実績のあるメジャーリーガーが新助っ人として来日することも珍しくなくなった昨今だが、過去には、日本球界入りが噂されながら、実現しなかった“超大物助っ人”も何人かいる。
その一人が、メジャー通算324勝の剛腕、ノーラン・ライアンだ。
1988年オフ、12勝11敗の成績を残し、アストロズをFAになった41歳のライアンをめぐり、エンゼルス、レンジャーズ、ジャイアンツの3球団が獲得に動いていた。
だが、ライアンは、72年から8年間在籍した古巣・エンゼルスが年俸150万ドルの3年契約を提示したにもかかわらず、態度を保留していた。
そんな矢先、新外国人投手の調査のため、ウインターミーティングに顔を出したオリックスの矢形勝洋球団本部長は、ライアンの代理人から年俸200万ドル(当時のレートで約2億4400万円)で契約を持ちかけられたという(2017年4月18日付・サンスポ「昭和野球列伝」)。
ライアン自身も「野球人生の最後を日本でプレーしてもいい」と選択肢のひとつに挙げていた。阪急を買収したばかりの新球団・オリックスにとっても、耳寄りな話であり、ライアンの活躍しだいでは、1年目でいきなり優勝の可能性もあった。
だが、門田博光を年俸1億円で入団させたばかりのオリックスは、その2倍以上の高い買い物に対し、即答を見合わせた。
そして、2日後の12月7日、ライアンは2年総額320万ドルでレンジャーズと電撃契約。

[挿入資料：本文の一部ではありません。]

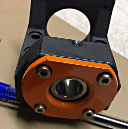 Montážní prostory v mé nové mašince jsou poněkud skoupé, a tak jsem NEMA34 nahradil NEMA23. Sehnal jsem krásný 3f closed loop motor, píšou long a má 4,9Nm a dýlku 150mm. Ovšem NEMA 23 se mi vejde ke šroubu souose a tak nebudu muset dělat řemenice. Ještě ke všemu mám tři držáky SYK MBA12C a tam tu souosost mezi motorem a ložiskem mají v několika tisícovkách. Samotnej držák je krásnej kousek opracované litiny. Malá problémak je to MBA12C, což značí 12mm díru v ložisku a já mám Hiwina s opracováním na 15mm. Nakonec jsem použil samostatné dvouřadé ložisko 3202 a zakomponoval ho do držáku nafest. Udělat dostatečně tuhé a přesné futro se sílou stěny 0,5mm byla pro mě docela hoňka a na třetí pokus. Železo ne, mosaz už vůbec ne a na závěr tedy litina. (OBI redukce 5/4 na coul, pozink cena 27 korun) Ve výsledku kvalitní litina bez kazů, docela fest tvrdá, ale plátkem na litinu to šlo nádherně. Finální opracování jsem dělal v kleštině, abych vymezil nepřesnost univerzálky. Futro lisované a lepené, ložisko jeno namáčklé. Venkovní příruba je z mohutné podložky. Tady mě překvapilo, že použitý materiál není určitě "žádná hlína".

ジャイアンツのアル・ローゼン球団社長を「一度テキサスに生まれた男は、死ぬまでテキサス男なんだな」と悔しがらせたが、オリックスも大魚を逃す結果になった。
翌89年、ライアンはレンジャーズで16勝と前年以上の好成績を挙げ、オリックスは近鉄にゲーム差なしのわずか1厘差で優勝を逃した。
契約条件が安くても故郷でプレーする道を選んだライアンだけに、仮に「200万ドルでOK」と即答していても、獲得は難しかったかもしれないが、それでも日本でプレーするライアンの姿を見たかった気もする。